戦後間もない頃、女子高生がスカートを翻して自転車で行くシーンだが、フランス映画ほど大胆ではないが、当時としては実に鮮烈であった。
最近読んだ週刊現代の記事が重く心に残っている。
それによると高齢者一人の介護に546万1000円を必要とする。
介護期間は平均して4年11ヶ月。
私は母を8年介護して在宅で看取ったが、その数値は納得できる。
母の介護を始めた時、我が家の蓄えは1000万近くあった。
母の介護期間は5年と計算し、母を看取った後でも立ち直るために必要な資金は残ると計算した。しかし、母の介護は8年に及び、母を在宅で看取った時に蓄えは払底し、ホームレスを覚悟した。幸いにもその時は知人たちの尽力により奇跡が起きて、絵が次々と売れて生き延びることができた。
私のケースは稀で、現実では親の介護のために離職し、死別後、親の年金が途絶えた後にホームレスに陥った人は多い。
記事にあったのもそのようなケースだ。
独身だった彼は父親の介護のために、40代で大手百貨店の1000万の年収を捨てて退職した。父親を看取った後に母親の介護が始まり、更に母親と死別した時点で手持ちの金は0になった。
彼は介護期間も、合間を縫って様々な仕事をしたが、年を重ねるほどに条件は悪くなり、給料未払いもあり生活は改善しなかった。
結局、彼は家賃滞納で追い出され、飼い猫を連れて公園で寝泊まりする日々に陥った。
幸い、支援団体の助けで路上生活は3ヶ月で終わり、生活保護を受けてアパートに入ることができた。彼は今、自分と同じ境遇の人を救いたいと、生活困窮者支援の団体職員として働いている。この問題は自助努力によって解決できる域を超えている。

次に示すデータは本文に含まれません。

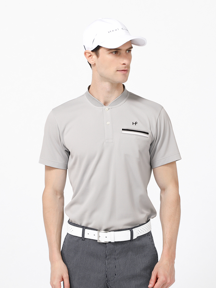 新しいピケ素材のジップアップシャツ。シルエットはレギュラーフィット。

介護問題と派遣労働は重くリンクしている。高度な教育を受けていても、年を食うと学んだスキルを生かす機会は急速になくなり、希望を失い無気力に陥った中高年を増大させている。このような人材浪費に対して行政は直ちに手を打たないと国力は衰退する一方だ。
追伸--ソフトバンクCMの初代「白戸家のお父さん」を演じた白い北海道犬のカイくんが28日未明、老衰のため死んだ。享年16歳。今出演しているカイトくんとカイキくんは彼の息子たちだ。何となく寂しくて悲しい。